-- What this task involves --
Please repeat the entries word for word and keep the images out.

----------------------------------------

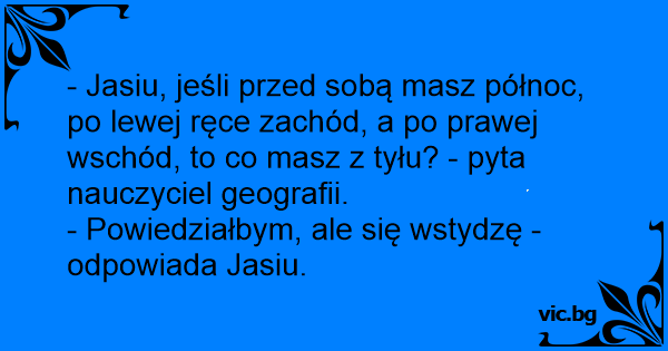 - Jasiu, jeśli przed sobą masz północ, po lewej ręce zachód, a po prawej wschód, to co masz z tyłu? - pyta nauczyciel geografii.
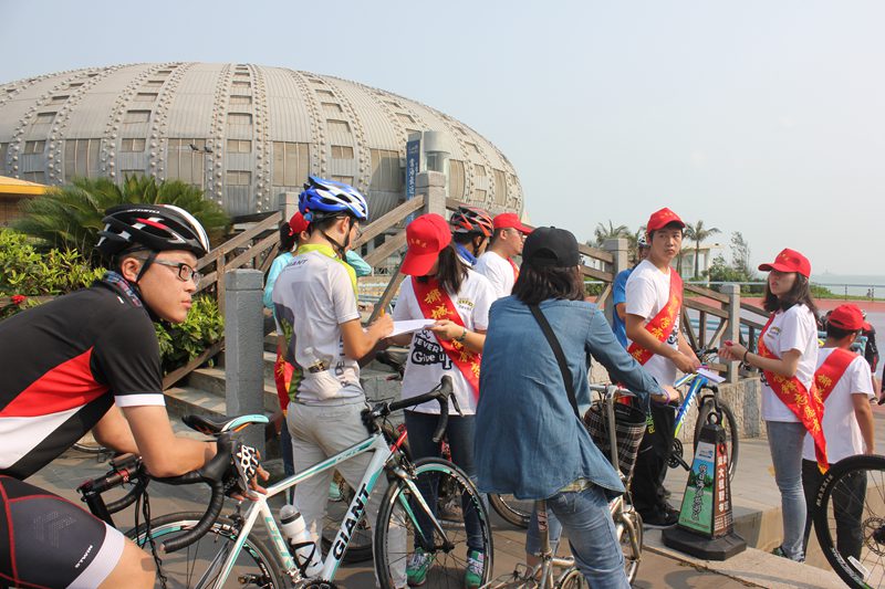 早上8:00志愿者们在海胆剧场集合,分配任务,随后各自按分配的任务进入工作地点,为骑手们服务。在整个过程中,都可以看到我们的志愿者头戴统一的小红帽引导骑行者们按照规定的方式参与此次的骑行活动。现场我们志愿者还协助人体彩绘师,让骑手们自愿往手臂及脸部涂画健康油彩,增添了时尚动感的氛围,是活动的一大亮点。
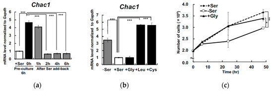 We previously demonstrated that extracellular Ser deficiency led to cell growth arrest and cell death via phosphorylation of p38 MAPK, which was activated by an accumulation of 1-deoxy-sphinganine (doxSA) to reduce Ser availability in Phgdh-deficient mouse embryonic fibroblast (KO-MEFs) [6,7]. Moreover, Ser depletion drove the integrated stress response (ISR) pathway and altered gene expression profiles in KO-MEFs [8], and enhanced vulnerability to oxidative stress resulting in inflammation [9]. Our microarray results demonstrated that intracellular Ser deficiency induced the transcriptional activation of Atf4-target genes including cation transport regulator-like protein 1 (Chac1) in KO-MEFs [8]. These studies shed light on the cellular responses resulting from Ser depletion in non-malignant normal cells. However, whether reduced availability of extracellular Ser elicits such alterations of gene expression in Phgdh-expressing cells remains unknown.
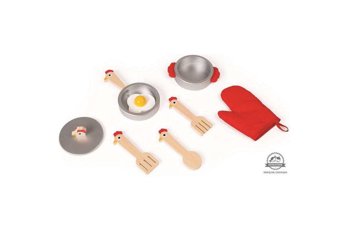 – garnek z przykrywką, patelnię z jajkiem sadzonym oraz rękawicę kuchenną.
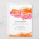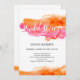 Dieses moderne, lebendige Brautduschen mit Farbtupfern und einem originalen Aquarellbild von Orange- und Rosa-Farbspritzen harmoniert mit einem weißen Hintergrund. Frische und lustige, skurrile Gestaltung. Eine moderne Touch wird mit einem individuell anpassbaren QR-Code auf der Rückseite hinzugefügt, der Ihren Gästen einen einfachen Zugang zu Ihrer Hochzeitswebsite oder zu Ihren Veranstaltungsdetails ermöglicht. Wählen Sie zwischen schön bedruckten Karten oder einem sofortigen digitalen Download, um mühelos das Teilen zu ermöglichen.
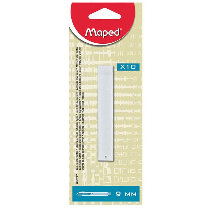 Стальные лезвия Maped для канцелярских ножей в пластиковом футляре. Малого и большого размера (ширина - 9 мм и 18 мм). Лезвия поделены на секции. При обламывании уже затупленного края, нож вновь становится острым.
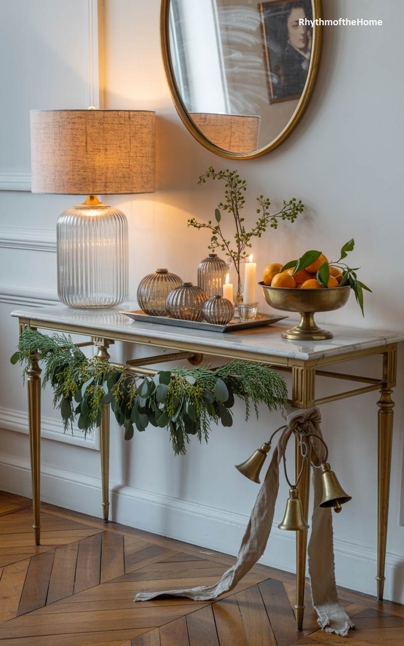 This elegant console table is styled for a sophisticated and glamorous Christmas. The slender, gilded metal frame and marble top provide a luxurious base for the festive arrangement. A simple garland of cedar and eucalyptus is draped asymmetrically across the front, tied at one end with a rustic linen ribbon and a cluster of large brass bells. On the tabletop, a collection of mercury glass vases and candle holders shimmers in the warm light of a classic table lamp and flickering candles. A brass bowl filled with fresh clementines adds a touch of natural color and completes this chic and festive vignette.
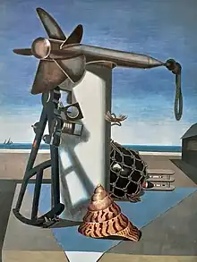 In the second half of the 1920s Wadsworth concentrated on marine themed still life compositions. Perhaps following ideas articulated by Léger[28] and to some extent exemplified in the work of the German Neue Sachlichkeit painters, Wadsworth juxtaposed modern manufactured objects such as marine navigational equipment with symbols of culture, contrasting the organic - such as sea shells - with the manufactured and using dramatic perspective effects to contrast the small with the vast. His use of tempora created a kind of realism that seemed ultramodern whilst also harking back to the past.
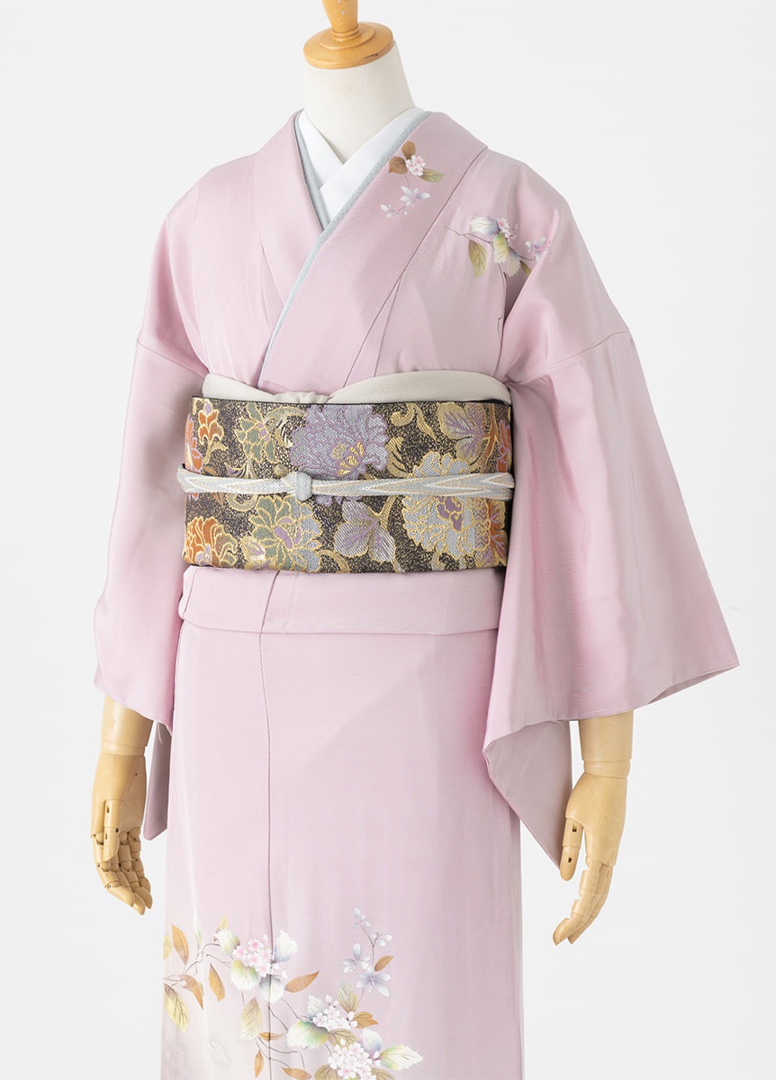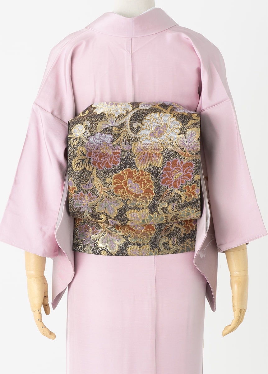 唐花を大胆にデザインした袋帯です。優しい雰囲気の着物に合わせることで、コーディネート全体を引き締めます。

----------------------------------------

-- Answer to this problem --
 - Jasiu, jeśli przed sobą masz północ, po lewej ręce zachód, a po prawej wschód, to co masz z tyłu? - pyta nauczyciel geografii.
 早上8:00志愿者们在海胆剧场集合,分配任务,随后各自按分配的任务进入工作地点,为骑手们服务。在整个过程中,都可以看到我们的志愿者头戴统一的小红帽引导骑行者们按照规定的方式参与此次的骑行活动。现场我们志愿者还协助人体彩绘师,让骑手们自愿往手臂及脸部涂画健康油彩,增添了时尚动感的氛围,是活动的一大亮点。
 We previously demonstrated that extracellular Ser deficiency led to cell growth arrest and cell death via phosphorylation of p38 MAPK, which was activated by an accumulation of 1-deoxy-sphinganine (doxSA) to reduce Ser availability in Phgdh-deficient mouse embryonic fibroblast (KO-MEFs) [6,7]. Moreover, Ser depletion drove the integrated stress response (ISR) pathway and altered gene expression profiles in KO-MEFs [8], and enhanced vulnerability to oxidative stress resulting in inflammation [9]. Our microarray results demonstrated that intracellular Ser deficiency induced the transcriptional activation of Atf4-target genes including cation transport regulator-like protein 1 (Chac1) in KO-MEFs [8]. These studies shed light on the cellular responses resulting from Ser depletion in non-malignant normal cells. However, whether reduced availability of extracellular Ser elicits such alterations of gene expression in Phgdh-expressing cells remains unknown.
 – garnek z przykrywką, patelnię z jajkiem sadzonym oraz rękawicę kuchenną.
 Dieses moderne, lebendige Brautduschen mit Farbtupfern und einem originalen Aquarellbild von Orange- und Rosa-Farbspritzen harmoniert mit einem weißen Hintergrund. Frische und lustige, skurrile Gestaltung. Eine moderne Touch wird mit einem individuell anpassbaren QR-Code auf der Rückseite hinzugefügt, der Ihren Gästen einen einfachen Zugang zu Ihrer Hochzeitswebsite oder zu Ihren Veranstaltungsdetails ermöglicht. Wählen Sie zwischen schön bedruckten Karten oder einem sofortigen digitalen Download, um mühelos das Teilen zu ermöglichen.
 Стальные лезвия Maped для канцелярских ножей в пластиковом футляре. Малого и большого размера (ширина - 9 мм и 18 мм). Лезвия поделены на секции. При обламывании уже затупленного края, нож вновь становится острым.
 This elegant console table is styled for a sophisticated and glamorous Christmas. The slender, gilded metal frame and marble top provide a luxurious base for the festive arrangement. A simple garland of cedar and eucalyptus is draped asymmetrically across the front, tied at one end with a rustic linen ribbon and a cluster of large brass bells. On the tabletop, a collection of mercury glass vases and candle holders shimmers in the warm light of a classic table lamp and flickering candles. A brass bowl filled with fresh clementines adds a touch of natural color and completes this chic and festive vignette.
 In the second half of the 1920s Wadsworth concentrated on marine themed still life compositions. Perhaps following ideas articulated by Léger[28] and to some extent exemplified in the work of the German Neue Sachlichkeit painters, Wadsworth juxtaposed modern manufactured objects such as marine navigational equipment with symbols of culture, contrasting the organic - such as sea shells - with the manufactured and using dramatic perspective effects to contrast the small with the vast. His use of tempora created a kind of realism that seemed ultramodern whilst also harking back to the past.
 唐花を大胆にデザインした袋帯です。優しい雰囲気の着物に合わせることで、コーディネート全体を引き締めます。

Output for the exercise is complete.